LAS VEGAS Never let it be said that soft-drink makers aren't trying to spice things up. During the 2005 NACS Show, myriad new products flooded the show floor from major manufacturers and small startup companies. On both the carbonated and non-carb sides, new products will be hitting the shelves in droves in 2006, which beverage analyst Bill Pecoriello of Morgan Stanley & Co. Inc., New York, has dubbed the year of the cherry vanilla.
The 2006 innovation pipeline for the U.S. soft-drink players continues to develop, Pecoriello wrote in a recent [image-nocss] research note. Coke's non-carb pipeline is filling out, balancing a portfolio that in our view looked heavily skewed to CSDs [carbonated soft drinks] a few months ago. Pepsi continues to build its CSD portfolio selectively in order to remain competitive in the CSD segment.
According to Pecoriello, Pepsi is likely to launch Pepsi Cherry Vanilla Swirl to compete against Coke's January 2006 introduction of Black Cherry Vanilla Coke. Both of these products follow the 2005 success of Cherry Vanilla Dr Pepper from Cadbury Schweppes Americas Beverages.
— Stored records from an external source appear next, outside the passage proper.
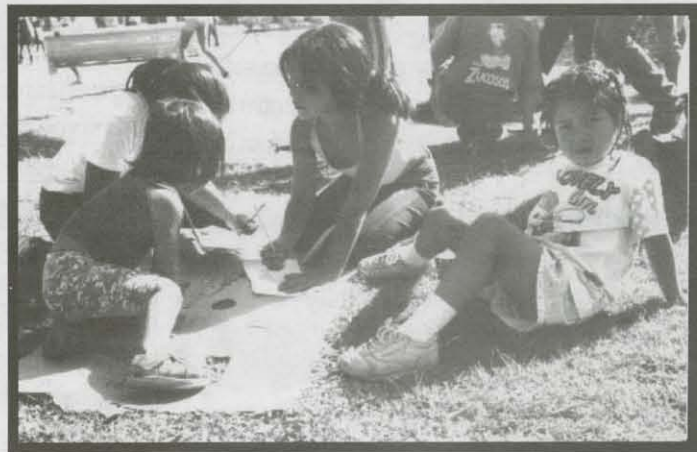
Niños jugando. Guiados por jóvenes del colectivo
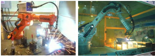
[그림 1] 자동 용접로봇기 예시

대표적인 용접공정 자동화 로봇의 주요한 기술인 용접 로봇은 말 그대로 용접시 사용되는 산업용 로봇을 말하며, 산업용 로봇은 자동 제어 기술에 의한 매니플레이터 조작 또는 이동기능을 가지고 있어, 여러 가지 종류의 작업을 프로그래밍에 의해 실행할 수 있어 산업에 사용되는 기계를 뜻하며, IFR(International Federation of Robotics)에서는 고정 또는 움직이는 것으로 산업 자동화 분야에 사용되며 자동제어, 제어프로그램, 다목적인 3축 또는 그 이상의 축을 가진 자동 조정 장치로 규정하고 있다. [2]
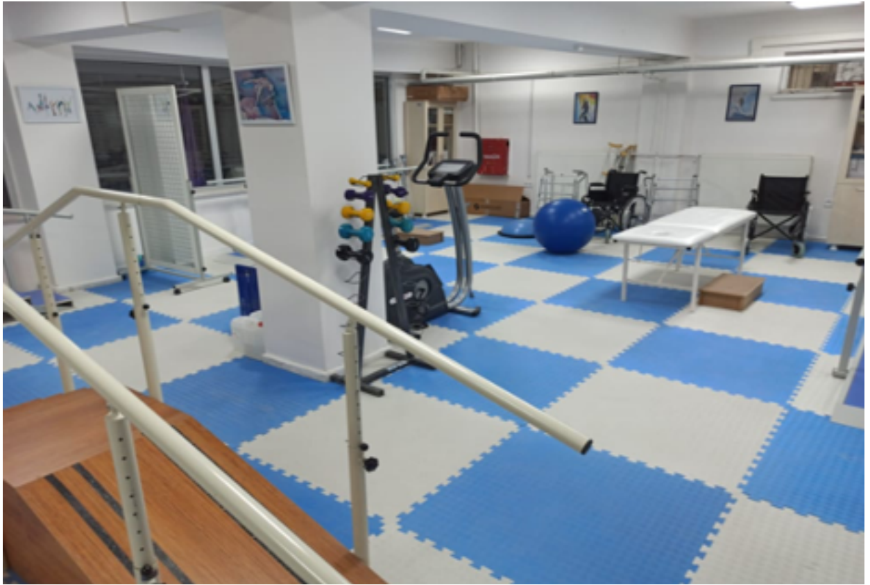
Fizyoterapi ve Rehabilitasyon Eğitim Laboratuvarı
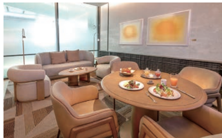
▲頭等艙休息室無論在休憩空間與餐食服務皆明顯升級，給予旅客最尊貴的服務體驗。

餐具的選擇除沿用頭等艙機上頂級選品外，更特別引進韓國李基祖作家的白瓷與李亨根作家的鉛青銅器，為旅客帶來獨具匠心的差異化用餐體驗。此外，休息室內隨處可見的藝術珍藏亦是點睛之筆。休息室內亦設有淋浴間、健康區等便利設施，進一步提升旅客的出行舒適度。在獨立的私密空間內，旅客可使用按摩椅舒緩身心。寬敞的淋浴間內，化妝區與淋浴區獨立分區，並配備高品質盥洗用品及專屬拖鞋，致力於為旅客打造極致的休憩體驗。
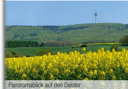
Panoramablick auf den Deister

Martinimarkt der Stadt Rodenberg Jedes Jahr im November
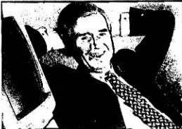
ফেইজার ২ পিসির মূল্য হ্রাস মুখে প্রধান অফিসেরকারী
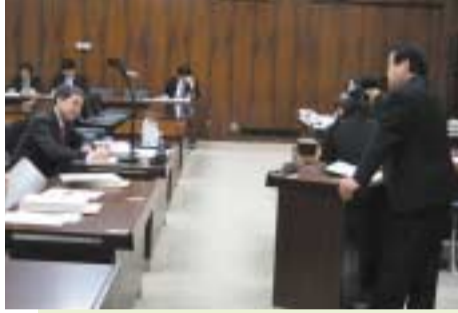
2/28 予算委員会第8分科会にて、冬柴国土交通大臣(右端)に質問 道路特定財源の重要性を訴える
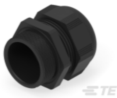
TE Teilnr.: 1SNG601141R0000 EP-SG-M50-BL-B
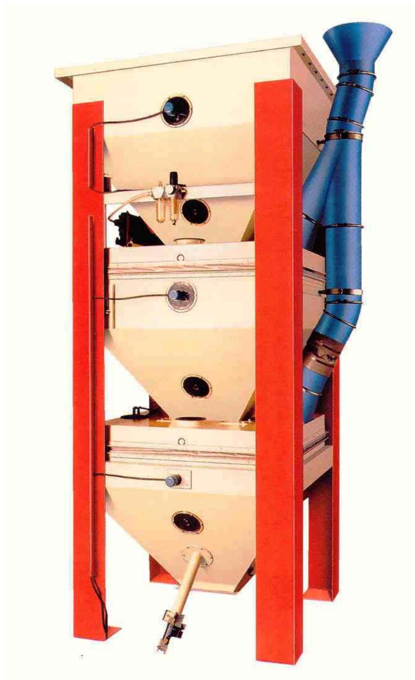
Zur Verwiegung von Schüttgütern
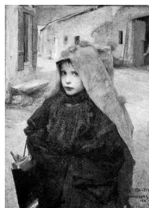
Ж. Бастьен-Лепаж «По дороге в школу»
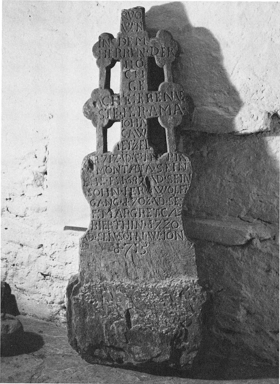
Abb. 2. Hinterseite des Tomilser Steinkreuzes.
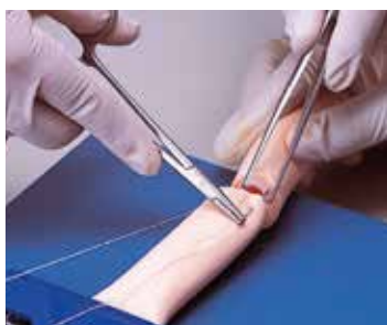
腸管吻合トレーニング
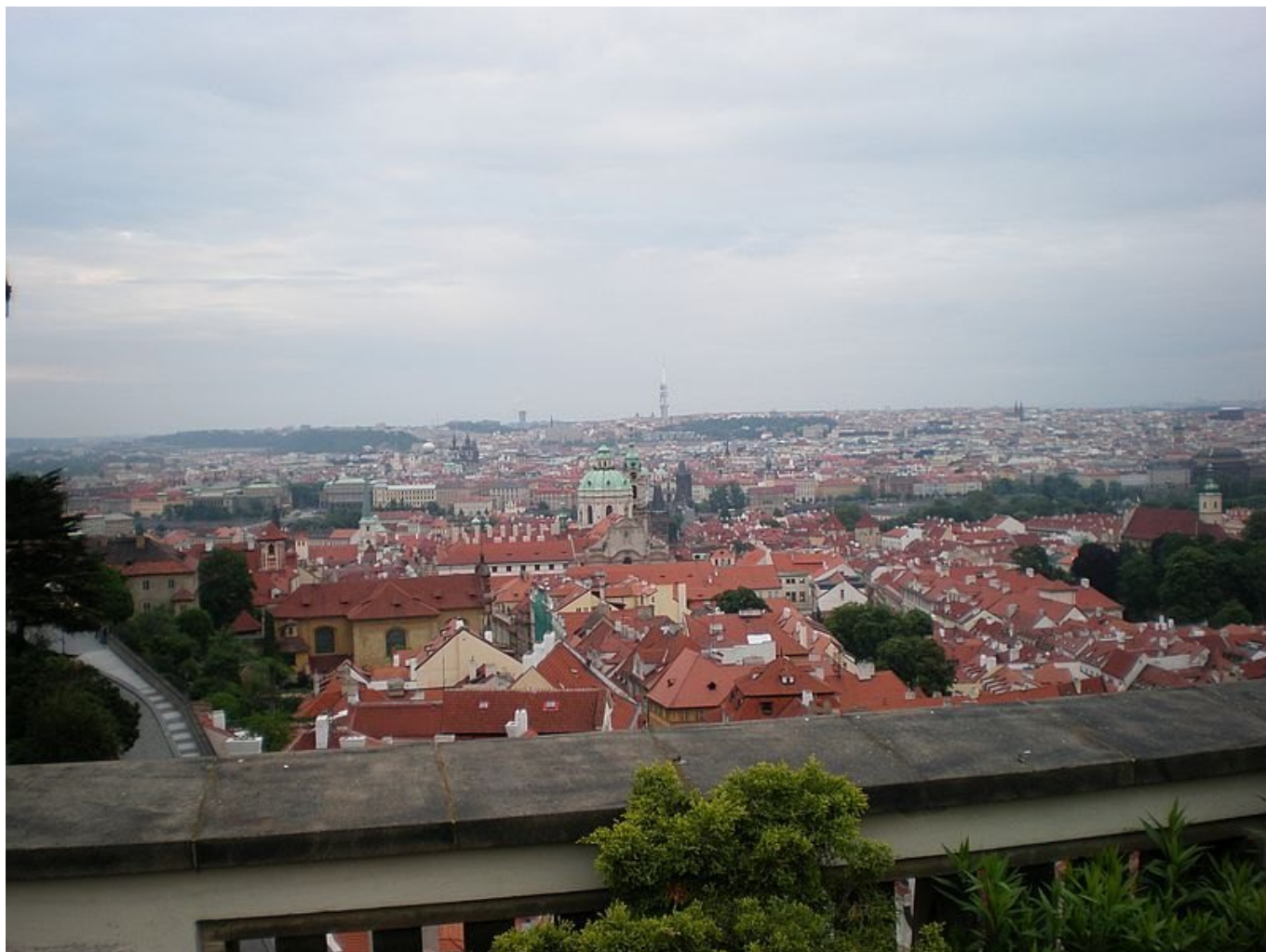
Výhled z původního kláštera.

Karmelitka řídící traktor? Jak by ne, když se právě staví nový klášter!
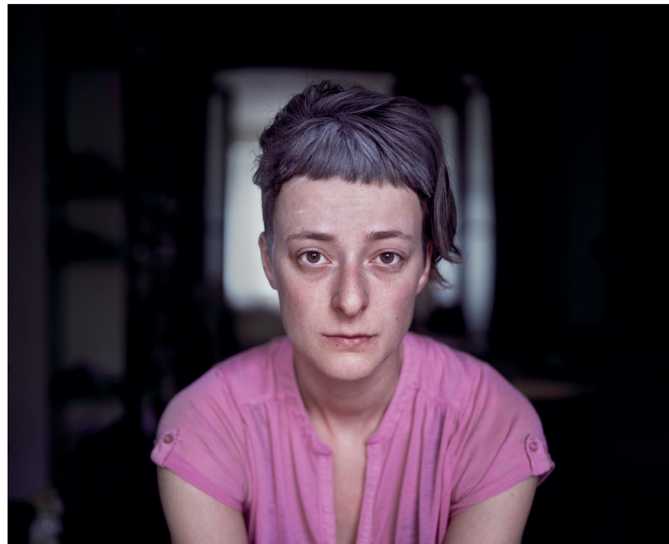
Would you be so kind as ..., részlet a sorozatból (2013–16)

A Vegyes házasságok (2015) videóinstallációja az Isztambuli Magyar Intézet pályázatára készült. Az alkotó mini interjúkat készített a kiválasztott török-magyar családok férfi és nőtagjaival, gyerekekkel, melyekben a kulturális különbségekre, közös nyelvhasználatra, illetve a család összetartó erejére kérdezett rá. A háromcsatornás videóinstallációban a három nyelven (angolul, magyarul, törökül) folyó társalgást ütköztette, s új közösségeket hozott létre a szereplők tudta nélkül.
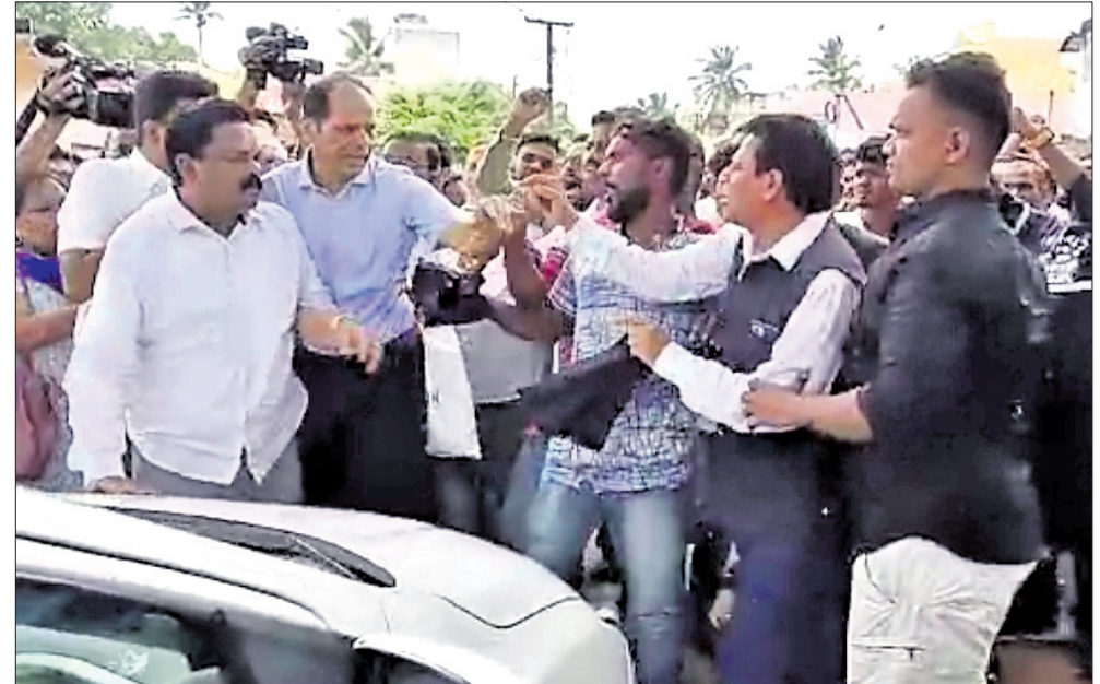
ବିଧାୟକ ଓ ବିଜେଡି କର୍ମୀ ମଧ୍ୟରେ ଠେଲା ପେଲା ।

କେତେକ ବିଜେଡି କର୍ମୀ ବିଧାୟକଙ୍କୁ ବିସଫଳତା ସମ୍ପର୍କରେ ଯୋଗଦେଇ ପତାକା କଳା ପତାକା ଦେଖାଇଥିଲେ । 'ଗୋ ବ୍ୟାକ୍' ନାରାବାଜିକରିରାସ୍ତ୍ର ଅବରୋଧ କରିଥିଲେ । ପୋଲିସ ପହଞ୍ଚି ପରିସ୍ଥିତିକୁ ନିୟନ୍ତ୍ରଣ କରିବା ପରେ ବିଧାୟକ ଗୋଳାବନ୍ଧ ଗସ୍ତରେ ଯାଇ ସ୍ୱାଧୀନତା ଦିବସ ପାଳନରେ ଯୋଗଦେଇ ପତାକା ଉତ୍ତୋଳନ କରିଥିଲେ । କାର୍ଯ୍ୟକ୍ରମରେ ବିଧାୟକ ବିଧାୟକ କହିଥିଲେ, ଏହି ପବିତ୍ର ଦିବସରେ କଳା ପତାକା ଦେଖାଇବା କେତେବୃତ୍ତ ଯଥାର୍ଥ, ଭଗବାନ ତାଙ୍କୁ ସମ୍ବୁଦ୍ଧି ଦିଅନ୍ତୁ । ଅବସରପ୍ରାପ୍ତ କର୍ମଚାରୀଙ୍କ ନିମନ୍ତେ କୋଠର ନିର୍ମାଣ ପାଇଁ ୫ଲକ୍ଷ ଟଙ୍କା ଅନୁଦାନ ଘୋଷଣା କରିଥିଲେ । ଏଥିନିମନ୍ତେ ଜିଲ୍ଲା ପ୍ରଶାସନ ଓ ବ୍ଲକ ପ୍ରଶାସନ ସହଯୋଗ କରିବାକୁ ନିବେଦନ କରିଥିଲେ ।
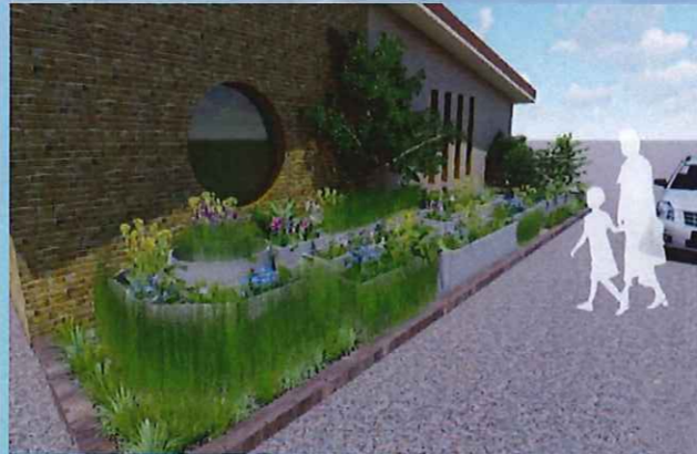
夏に花が咲いた雨庭のイメージ図 四季折々の花が楽しめるようになっています
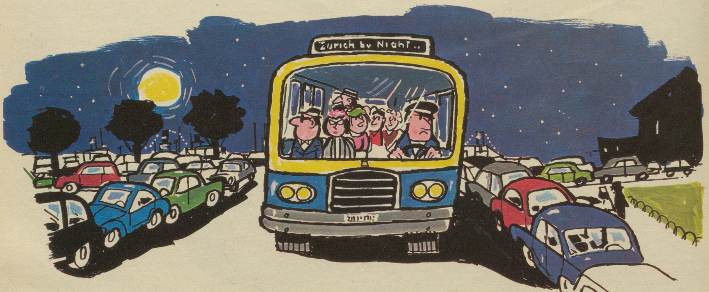
Dann eine erregende Rundfahrt durch die nächtlichen Straßen, mit Aussicht auf das Miliö.
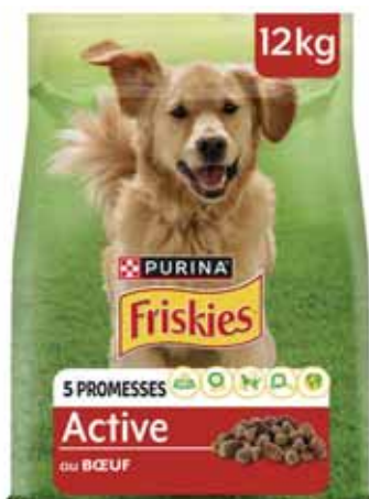
CROQUETTES CHIEN BŒUF FRISKIES 12 kg
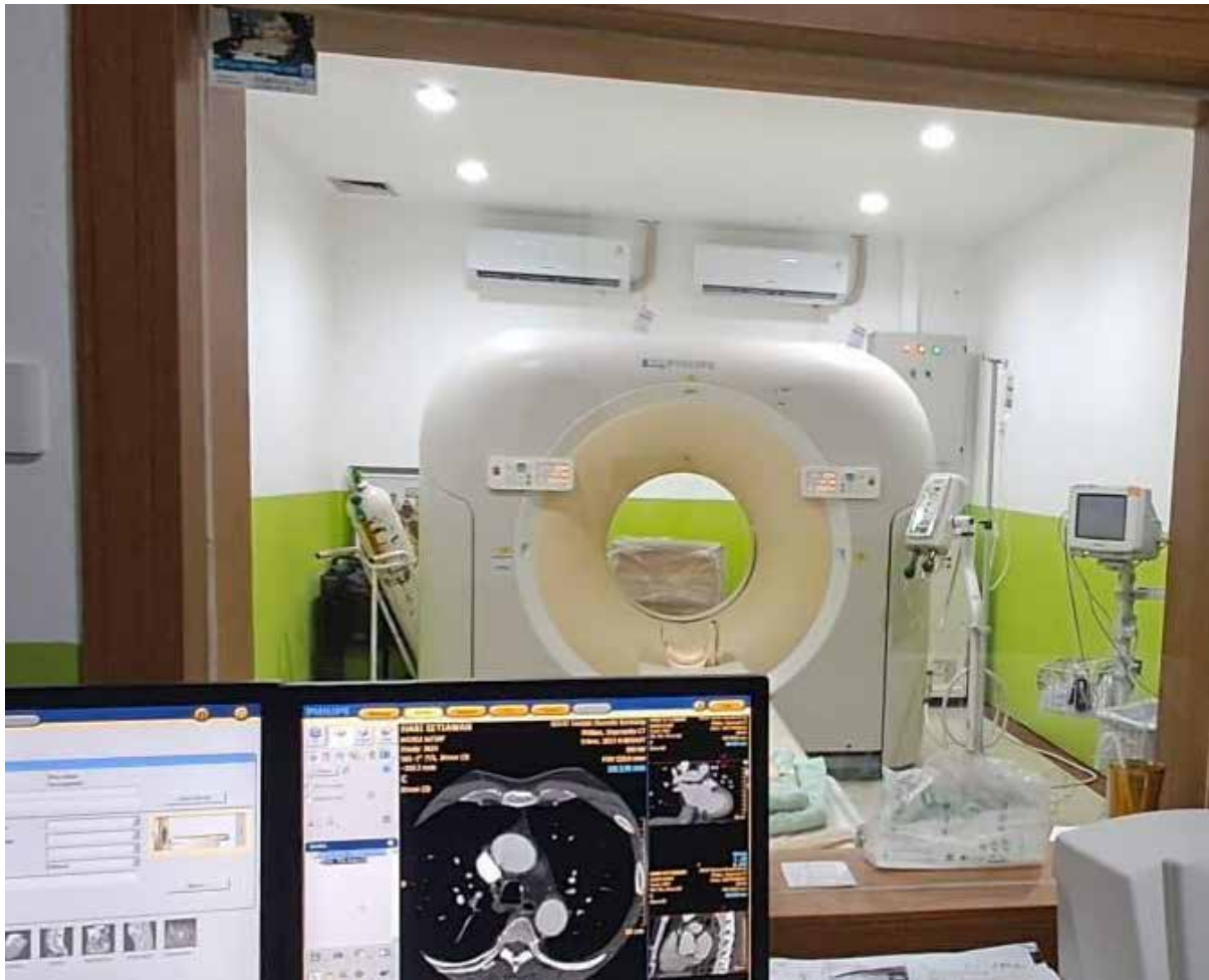
Alat CT Scan 128 Slices yang dimiliki RSUD Taman Husada Bontang. (Yahya Yabo)
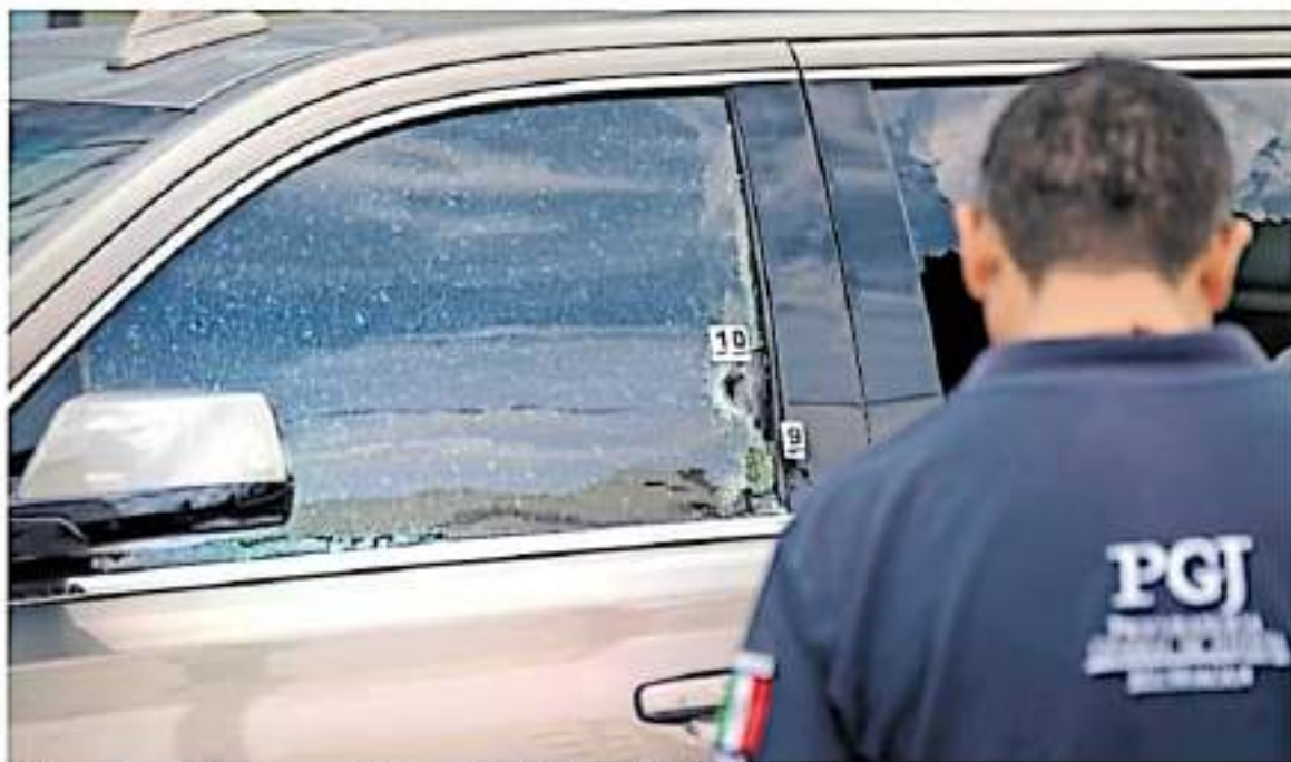
El crimen más reciente contra un periodista ocurrió el 19 de julio en Morelia.

ESTADO, ENTRE LOS MÁS PELIGROSOS PARA EL PERIODISMO
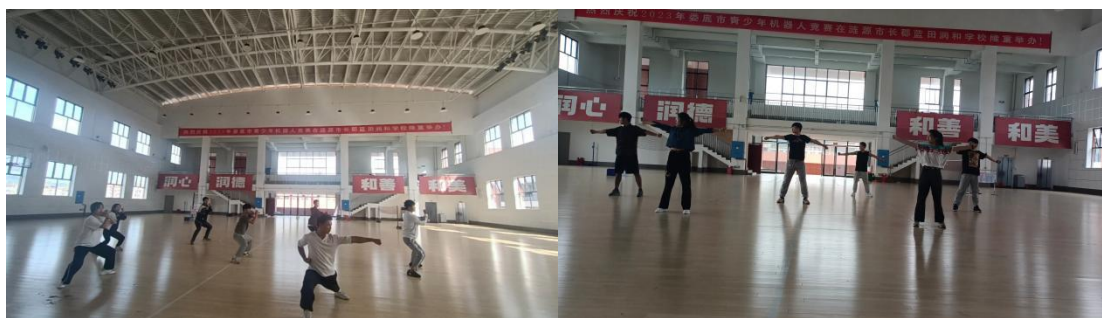
图 6-2 队员早训照片
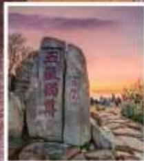
หินแกะสลักในสมัย ราชวงศ์ถัง
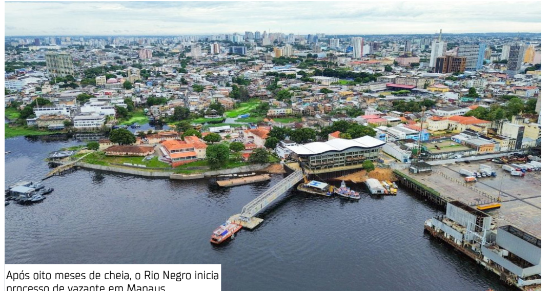
Após oito meses de cheia, o Rio Negro inicia processo de vazante em Manaus

Mesmo com o início da vazante, os efeitos da cheia ainda são sentidos. Especialistas alertam que as águas devem continuar baixando nas próximas semanas, mas a normalização total pode demorar até setembro, dependendo das condições climáticas.
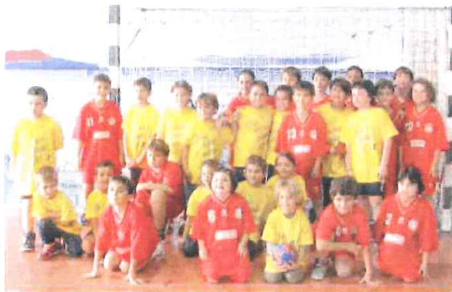
I giovanissimi atleti di Imperia e Bordighera: sport e divertimento domenica al PalaSanCamillo

negativi, invece, per le varie formazioni giovanili maggiori. Nulla da fare, nonostante l'impegno, per l'Under 18 dell'Abc Bordighera, sconfitta 33-15 a Nizza dalla squadra composta dalla selezione dei club nizzardi dell'Ogc e dell'Asbtp. Il passivo, troppo alto rispetto ai reali valori in campo, è stato condizionato dal disastroso avvio (7-0 per i francesi) e dalla maggior età e prestanza fisica dei rivali.

On the non-carb side, Pepsi introduced retailers to Propel Calcium, Gatorade Rain and Tropicana Twister during the NACS Show in Las Vegas. It also showed revived vigor behind its Mountain Dew MDX energy drink.
Over at the Coca-Cola booth, in addition to sampling Black Cherry Vanilla Coke, retailers got a glimpse (and a sip) of VAULT and VAULT Zero, new energy-drink/soda hybrids designed to appeal to 20-something, blue-collar males. The company continued the hybrid theme with ADVANCE by POWERade, a combination of sports drink and energy drink characteristics.
Energy drinks also got a strong showing with the unveiling of Tab Energy, aimed at women; and Sugar Free Full Throttle and Full Throttle Fury, line extensions of the successful Full Throttle energy drink introduced at last year's NACS Show. Coca-Cola also highlighted its new relationship as the exclusive distributor of the Rockstar and Von Dutch energy drinks.
Of course, bottled water also was highlighted as Coke introduced Dasani Sensations, a line of lightly carbonated and sweetened bottled waters. The February 2006 launch will include three flavors: Original, Lemon-Lime and Mixed Berry.
According to Pecoriello, additional innovation is expected from Coke in 2006, as well. Coke's potential additions to its non-carb portfolio include Fruit Falls, flavored water containing fruit; U BE, a juice drink fortified with vitamins and minerals; and Vanilla Being, a soy-based beverage used as a milk substitute.
Finally, Cadbury Schweppes isn't sitting on it laurels either. In addition to plans for more Dr Pepper flavored line extensions, the company also offered samples of two new 7-Up Plus flavors: Cherry and Island Fruit.
The implications of all this new product development, according to Pecoriello: The key issues continue to be: 1) whether non-carb growth can offset continued greater-than-expected weakness in the CSD category, 2) the cost associated with the launches while supporting core brands, 3) the incrementality of the new CSD and non-crab products, and 4) the increased cost of complexity.